A Note from Cottonwood Corners

By the middle of the 1880s, barb wire had come to South Dakota.  About fifteen years later, cowboys rounding up livestock in the far western part of the state which was still “everybody’s pasture” came into contact with the wire and the sharp barbs.  They saw brands from Dakota, Wyoming, Montana, North Dakota, and even Canada.  And directly in front of them was a sure sign that the open range was about to change.

One evening while sleeping, near the wire fence of a local rancher, a Midwestern thunderstorm passed overhead and lightning struck nearby.  The intense storm was accompanied with the sound of running horses, breaking fence posts, and sounds not usually heard on the prairie.

During the early morning hours, the night hawk brought in only a portion of their horses.  There had been over four hundred horses in their remuda which hit that barb wire fence.  A lot of valuable and well-trained horses were ruined.  The rest were gone.

It was estimated that nearly forty were cut so badly they had to be shot and about the same number were simply turned loose to either live or die on the range.  The scene that morning was the bloodiest and worst sight many of those cowboys had ever seen.  That was life on the roundup in 1898 out on the plains of western South Dakota.

Barb wire, strands of wire twisted together, with barbs at regular, close intervals had arrived and was becoming well-established on the prairie.  From the beginning, this simple invention came to be known as “the devil’s rope.”

The land which the earliest settlers encountered in their migration west during the last half of the 19th century was not like anything they had seen before.  This was the first time they saw vast, treeless stretches of prairie empty of any distinguishing features.

It was an ocean of grass and wildflowers for as far as the eye could see.  With no trees for fences and no stones to build walls, the early homesteaders needed more practical methods to contain the livestock and protect their property.

Some planted hedgerows which were stock-proof living walls of thorny trees and bushes, such as Osage orange.  According to Merriam-Webster, the first known use of the term “Osage orange”, an ornamental thorny tree, was in 1817.

During the last half of the 19th century — up until the time barbed wire became widely available and inexpensive — settlers and farmers throughout much of the eastern half of the United States planted their fences.  The tree which they most generally used was the “Osage orange” tree.  It was sometimes called “prairie hedge,” “hedge apple,”  “horse apple,” and “bowwood.”

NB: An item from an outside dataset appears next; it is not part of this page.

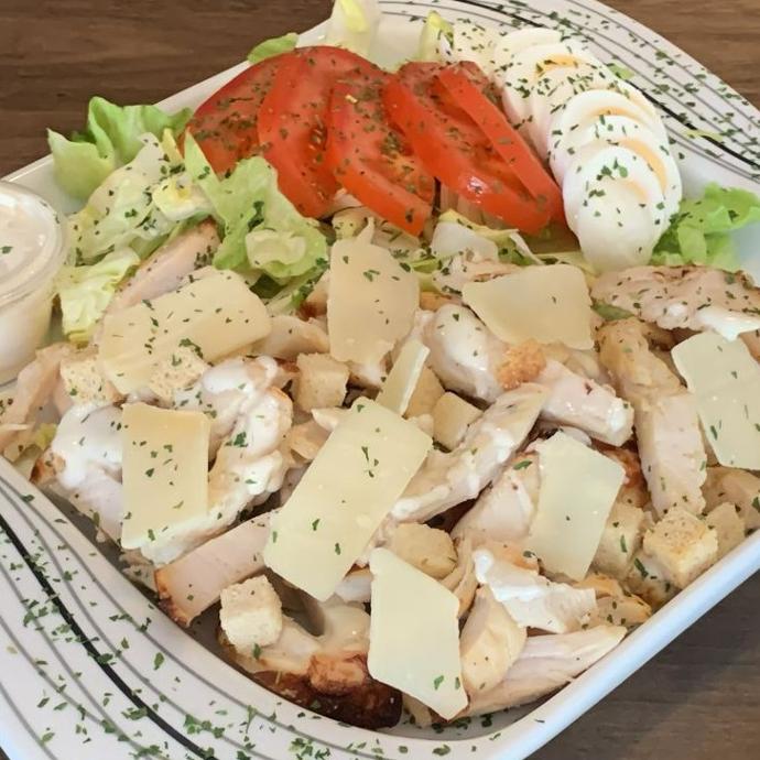 Poulet Nature, Salade, Tomates, œuf, Croûtons, Parmesan,

When the early French settlers moved west of the Mississippi River — into what is now eastern Texas and Oklahoma and western Arkansas — they encountered the Osage Indians.  They were known far and wide for making bows that were superior weapons for fighting and hunting.  The unusual tree that the Osage used for making their bows was unknown to the French.  They immediately named it “wood of the bow.”  This later was corrupted by the pioneers and eventually came to be called “bowwood.”

As homesteaders moved west of the Mississippi, it was natural that they would bring the Osage orange tree with them.  Daniel Freeman was the first person to file a claim under the Homestead Act of 1862 near Beatrice, Nebraska.  He filed his claim about 10 minutes after midnight at the Land Office in Brownville, NE on January 1, 1863.

He was required to build structures needed on the farm and improve the property.  One of the features of his homestead was an Osage orange hedgerow on the border of his property.  This was planted in the early 1870s and pruned to keep animals out of his productive fields.  Remains of this hedgerow still exist on the site of his homestead today.  He also planted corn, wheat, oats, and fruit trees.

The biggest disadvantage of using the thick and thorny Osage orange hedges for fencing was that it took five years for them to grow.  The homesteader had only five years in which to make the necessary improvements and acquire his homestead.

Where used for a fence, the thorny Osage orange later became a source of fence posts especially to be used at the corners.  There are ranches in the west today who still have some of these in their fence line which are over a hundred years old.  They are almost as good as when they were put in the ground.

In 1871, fencing became a hot topic among newspapers, agricultural publications, and the government.  The U. S. Dept. Agriculture and the Land Office published a study which found that it was impossible to settle the west because of the lack of fences.

This started the mad rush to come up with an affordable and practical solution.  Many different patent applications for barb-wire-like fences were filed during the next couple of years.  The designs varied and some were even what we would today call “bizarre.”

The design that ultimately won-out was by Joseph Glidden.  His design had sharp metal barbs twisted around a strand of smooth wire, with a second intertwined piece of wire so that the barbs couldn’t slide.

Those living on the farm and ranch in South Dakota today are very familiar with “the devils rope.”  They have all at one time had to fix fence!